NEWS Euthanasia policy France
Frenchman who is not allowed to get euthanasia, is also not allowed to stream his death live on Facebook
Even President Macron sympathizes with him, but the law is the law he says, and French law prohibits euthanasia. That means no doctor can help Alain Cocq die, but even the live streaming of his slow, protracted death on Facebook is not allowed - Facebook blocks live streams of 'suicide'. Cocq's death will become a statement of powerlessness.
Daan Kool - September 6, 2020, 18:52
Alain Cocq is lying in bed in his apartment in Dijon.
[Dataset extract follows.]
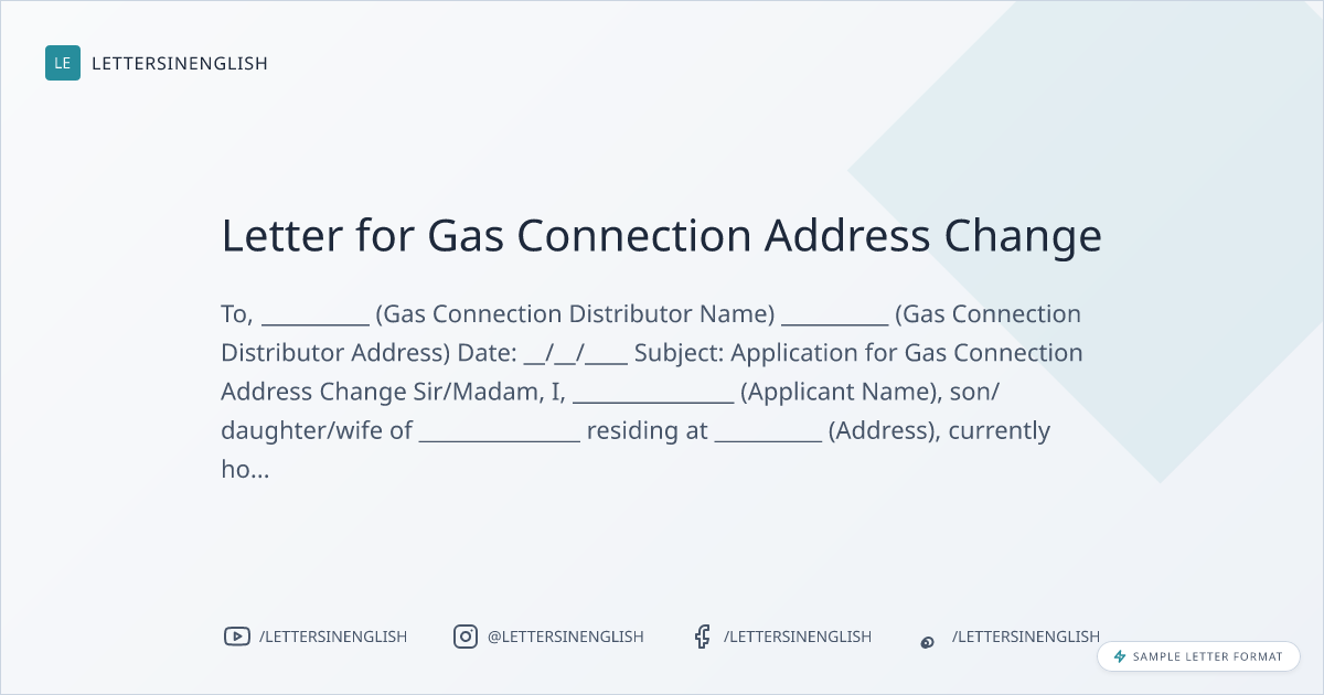 I, _______________ (Applicant Name), son of/ daughter of/ wife of _______________ residing at __________ ( Address) having a _______ (LPG/PNG) connection in the name of _________ (Connection Holder Name) having customer Identification Number ___________ (CIF ID). I have shifted to _____________________ (new address).

Image AFP
The incurably ill Alain Cocq (57) calls it his 'final battle'. After his euthanasia request was rejected, he decided not only to stop taking food, fluids and medication, but also to stream his dying process live on Facebook. 'You can't die with dignity in France,' says Cocq, who wanted his action to spark a debate about France's strict euthanasia policy.
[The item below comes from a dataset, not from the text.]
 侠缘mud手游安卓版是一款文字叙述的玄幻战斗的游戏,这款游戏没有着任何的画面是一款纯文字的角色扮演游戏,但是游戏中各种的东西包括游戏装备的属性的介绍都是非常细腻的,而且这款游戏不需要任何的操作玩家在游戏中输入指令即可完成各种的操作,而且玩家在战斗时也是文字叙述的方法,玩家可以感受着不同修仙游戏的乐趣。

However, he had counted outside the rules of Facebook. The social medium is 'deeply affected by the difficult situation Alain Cocq is going through', said a spokesperson in Le Monde, but it nevertheless decided to block the live stream because the company's house rules do not allow 'suicide attempts' to be shared. On his Facebook page, Cocq is calling on his 23 thousand followers to protest against this decision.
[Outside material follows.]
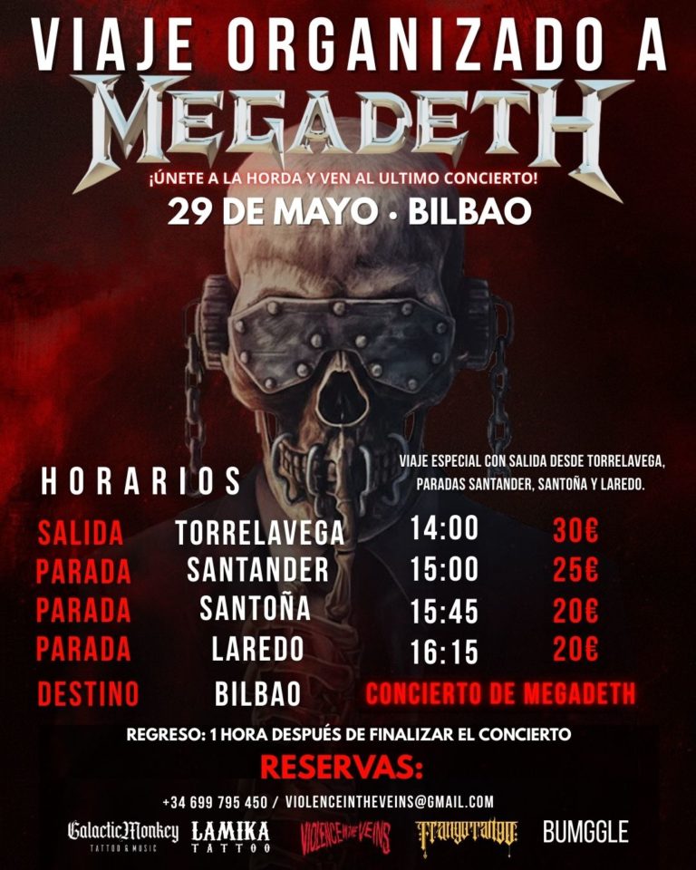 Desde Violence in the Veins nos pasan esta información sobre el viaje que montan para ir a ver a Megadeth a Bilbao. ¿Ganas de ver a Mustaine y los suyos…

Cocq has been suffering from a rare, incurable disease in his veins for 34 years. That did not stop him from living a militant life. In the nineties he rode a 'Tour de France' in his wheelchair to draw attention to the position of disabled people. But Cocq's health deteriorated noticeably in a short period of time. Since two years he is confined to bed and dependent on tube feeding. He has suffered five heart attacks and seven strokes in recent years, and is increasingly losing his hearing and sight. 'I'm just lying there staring at the ceiling. No, this is not a life,' he said to the French public broadcaster.
'Candy'
At the end of July Cocq wrote a letter to President Macron, asking for 'the right to a dignified death, with active medical assistance'. Cocq asked Macron to make an exception to the strict French euthanasia law by allowing his doctors to give him a lethal dose of sleeping pills. In a video on his Facebook page he talked about his 'candy'. He wanted to 'finally fall asleep', 'find relief from the pain that has been torturing me for 34 years'.
The president wrote back to be emotionalized and to respect Cocq's plan. But Macron cannot 'ask anyone to violate our current legal frameworks'. 'I am not above the law and I am not able to grant your request'.
Although about 90 percent of French people are in favor of euthanasia, active medical termination of life is not allowed in France. Only if there is 'an advanced and terminal stage of a serious and incurable condition' - in other words, if a patient has only a few days or hours to live - may physicians prescribe painkillers that 'as a secondary effect, shorten life'. Patients such as Cocq, who do not want to wait for the agony that precedes those last days, are excluded.
Symbol
Cocq is not the first terminally ill Frenchman who has become a symbol of the fight against the strict euthanasia policy. In 2002, Vincent Humbert, paralyzed, blind and deaf following a motorcycle accident, asked President Chirac for euthanasia. The request was rejected. Humbert's mother eventually administered him a lethal dose of sleeping pills. A criminal investigation was opened against her; the case was discontinued. In 2008, Chantal Sébire, who had a tumor in her face, asked in vain for medical termination of life to then President Sarkozy. She also died later that year of a high dose of sleeping pills.
There are hardly countries where, on paper, religion and politics are so strongly separated as in France. But in practice, French society is firmly based on Catholic principles. This is reflected in medical-ethical issues such as the euthanasia debate - but also, for example, in gay marriage. When this was introduced in 2013, more than 300 thousand opponents demonstrated in Paris.
Cocq stressed in the French media that he himself is a Catholic and that his euthanasia request is not at odds with that. 'God is love. He would not let his people suffer unnecessarily'. In the night from Friday to Saturday Cocq had his final meal. He expects to die within a few days. 'The road to deliverance begins,' he said in a video, 'and believe me, I am happy'.